Andrew: Clegg is still in a state of evolution, transforming from the pro-active character of the early episodes to the timid and reluctant adventurer he will settle into. He seems to have plenty of energy here – I love the mock swordfight he and Compo engage in – but he still squirms when he realises that Foggy is conjuring up a scheme.

Bob: I’m with Foggy all the way in this episode… he’s disgusted to find an abandoned mattress rotting on the moorside, and pledges to found ‘The Dewhirst Campaign for a Cleaner Countryside’. I’m right behind you, comrade!

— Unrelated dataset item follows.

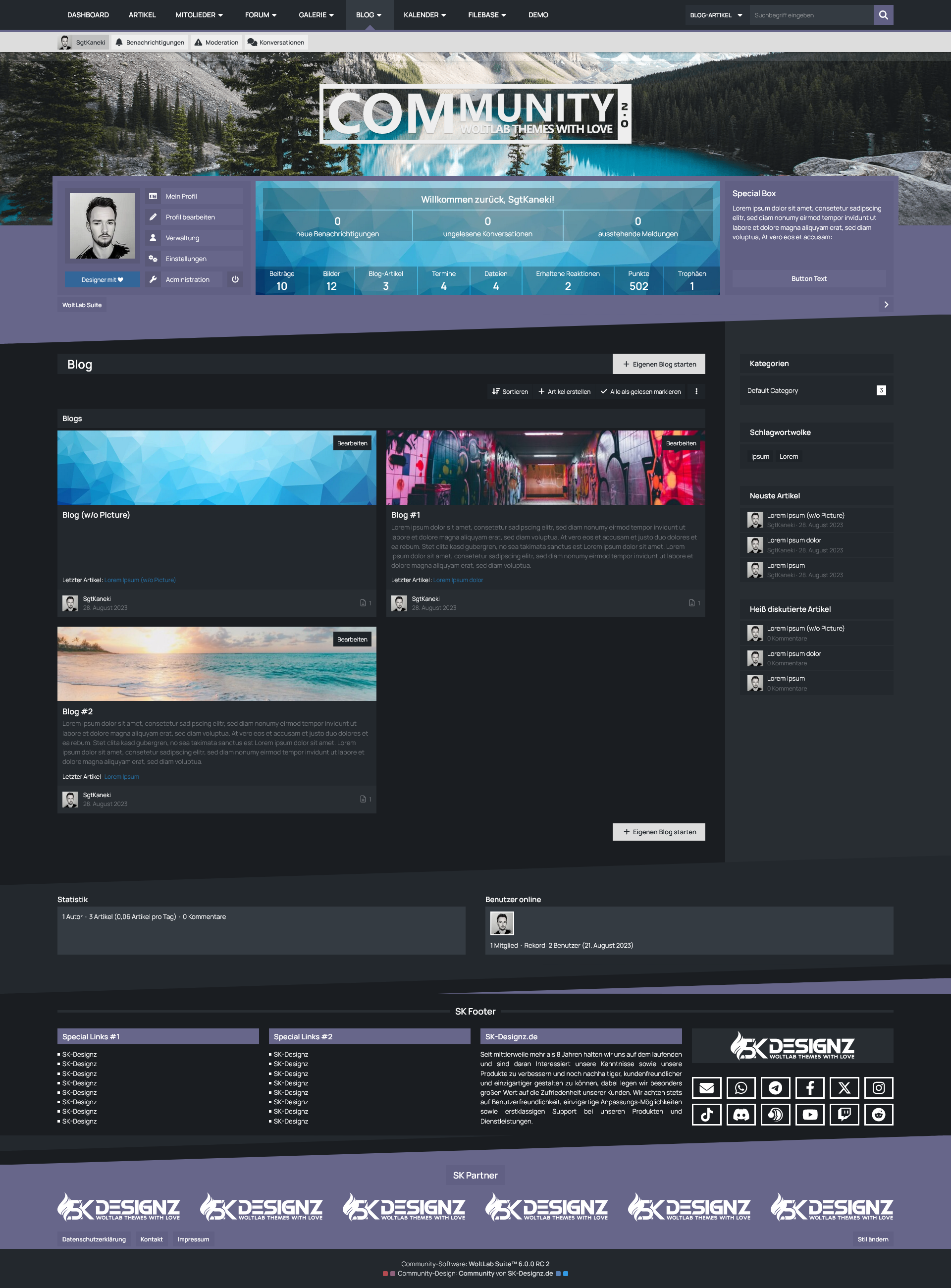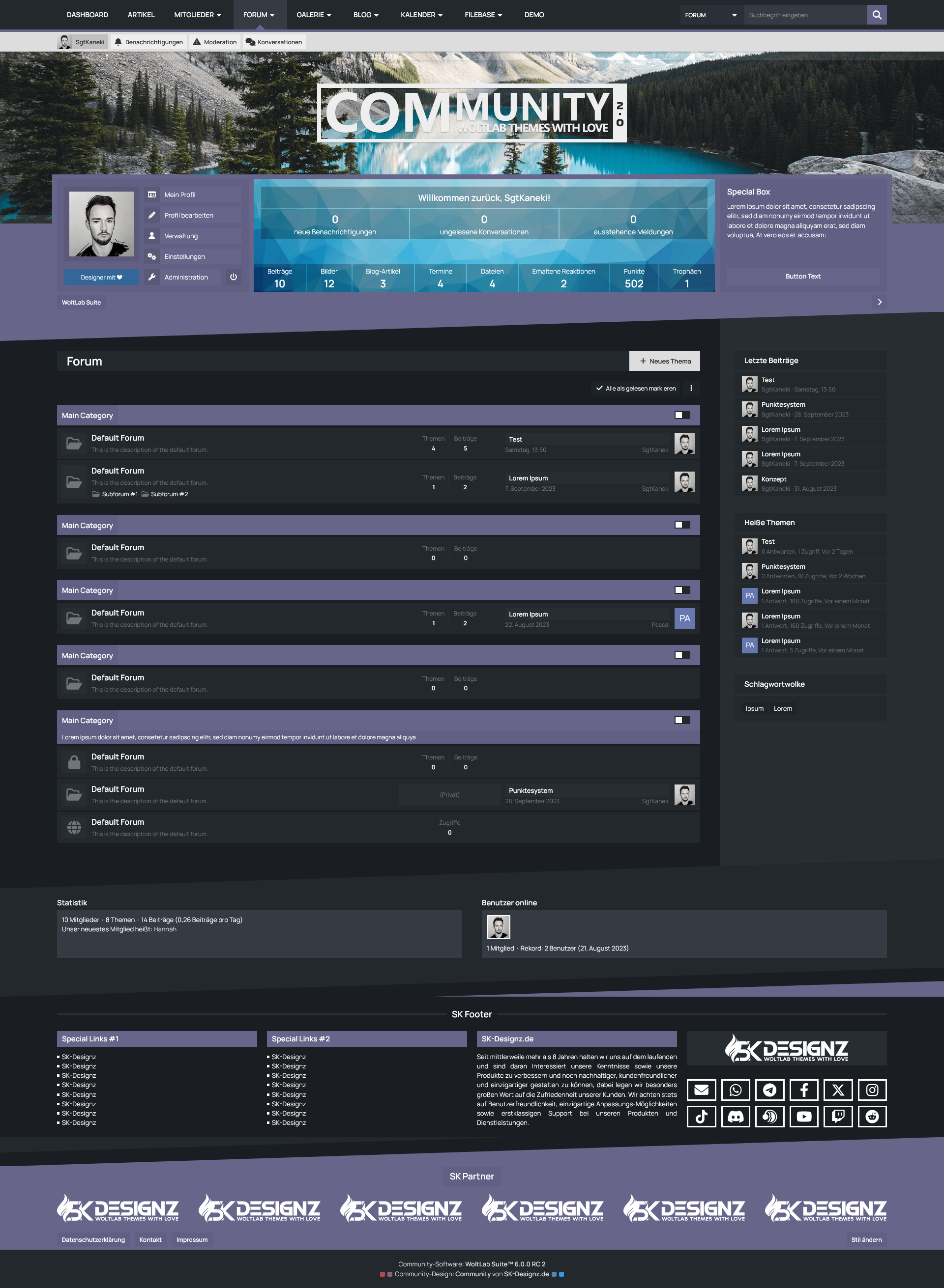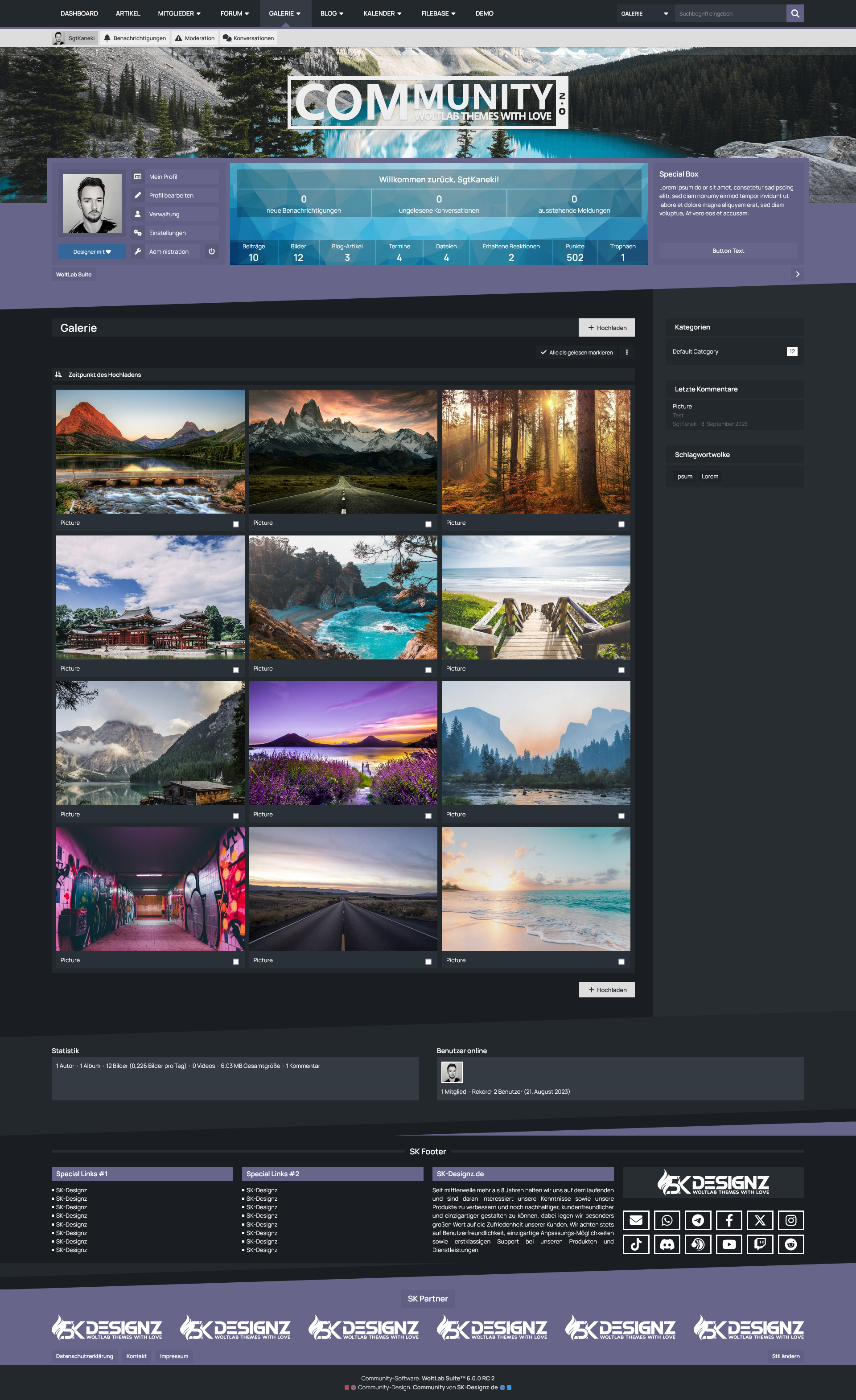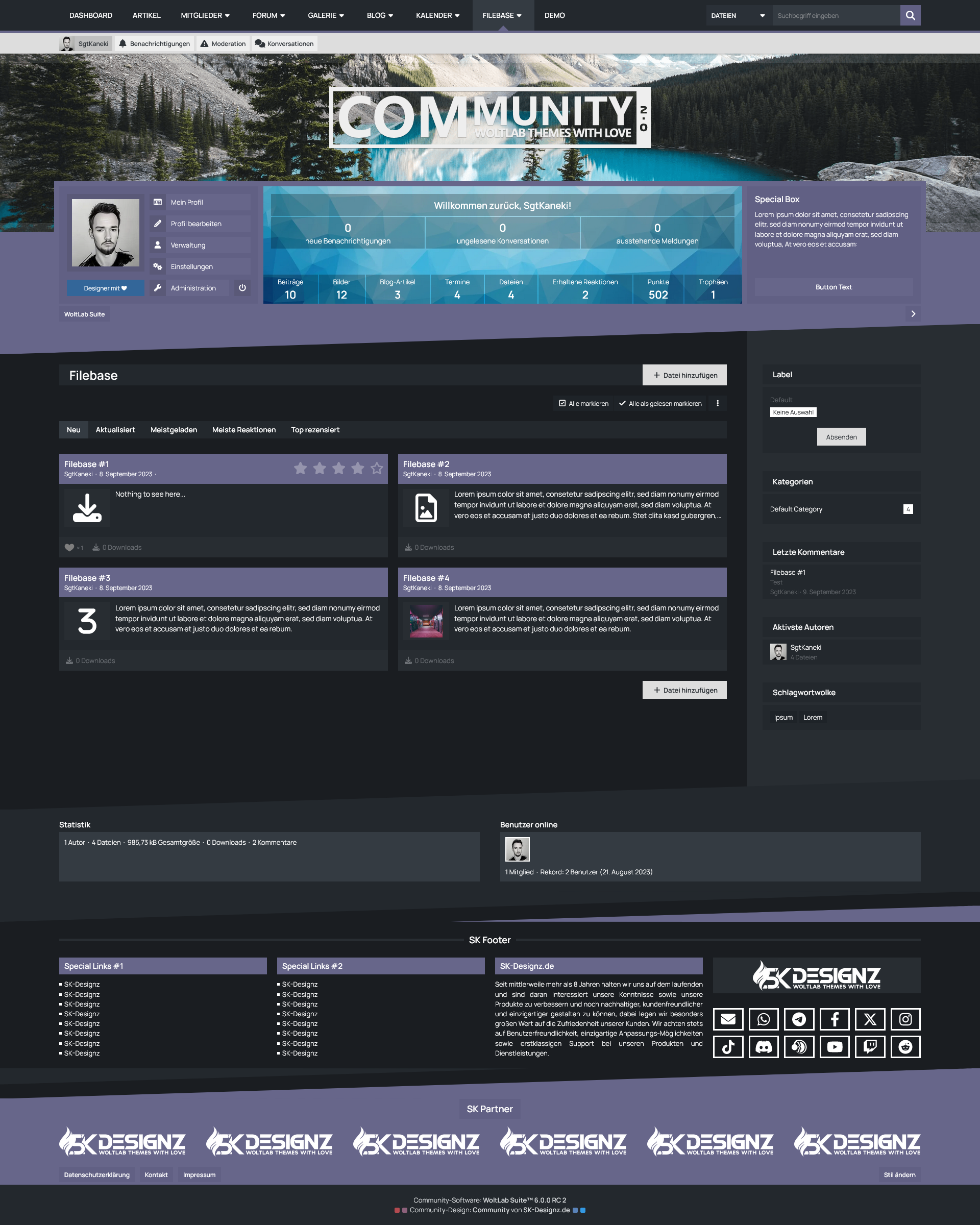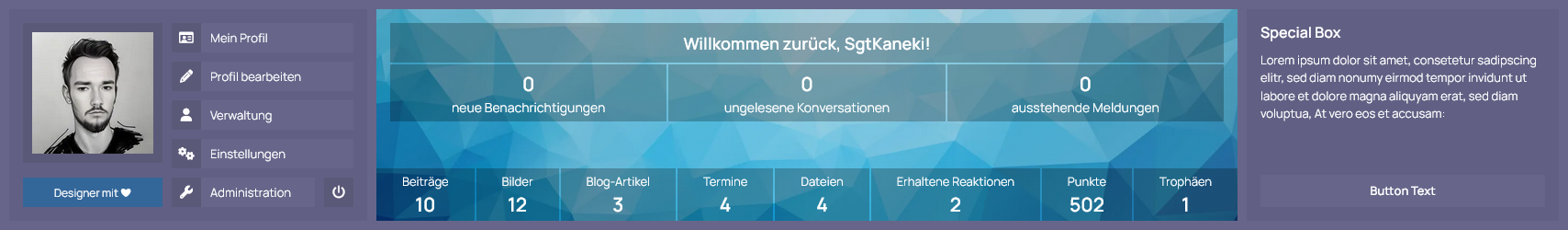 Mit der Benutzer-Box erhalten Ihre Benutzer eine sinnvolle Übersicht des eigenen Benutzerprofils prominent unter dem Header der Seite platziert. Dort befinden sich sowohl die wichtigsten Shortcuts um das eigene Profil zu verwalten, als auch die eigenen Statistiken und Benachrichtungen im Überblick zu behalten. Für Gäste hingegen bietet diese Box die Möglichkeit eine kurze Beschreibung Ihrer Website zu hinterlegen und die Möglichkeit sich entweder einzuloggen oder ein Benutzerkonto zu erstellen.

I’ll get the T-shirts printed up! I spend a lot of time tramping around hills, woods and moors in North Yorkshire, and nothing gets me more annoyed than the sight of beer cans and biscuit wrappers chucked into hedgerows or blowing around the trees. Have some respect, you grunting halfwits! If you’ve ever dropped litter in the countryside, I hope a crack squadron of giant badgers come round to your house one night and crap all over your front room carpet. See how you like it. And believe you me, badger crap STINKS.

Andrew: And believe me, readers, he’d know! Clegg’s enthusiasm soon fades when he spies the arrival of the magnificently described, ‘Ogden Butterclough, demon insurance man’.

Bob: BRIAN GLOVER KLAXON! I’m watching most of these episodes for the first time since their original broadcasts, and I genuinely don’t look ahead to see what’s coming, so it was a brilliant surprise to see Glover appear, narrowly missing squashing Compo with his car. Given that he’s such a prominent Yorkshire actor, and had done tons of sitcoms by this stage, it’s amazing it took so long to get him into Summer Wine!

Andrew: He’s certainly the type of actor who can elevate a part – or even a show – simply by turning up to appear. I think my personal favourite is his gloriously OTT appearance as Mr Rottweiler in the Gas episode of Rik Mayall and Adrian Edmondson’s Bottom.

Bob: Do you get independent, travelling insurance men any more? Of course you don’t. We all just do it online, being bossed about by a truculent hound. A friend of mine used to work for Churchill, and said he fielded about a dozen calls a day from giggling pillocks asking to speak to the dog.

Andrew: What was the company policy with that? Transfer the call to Vic Reeves’ personal number?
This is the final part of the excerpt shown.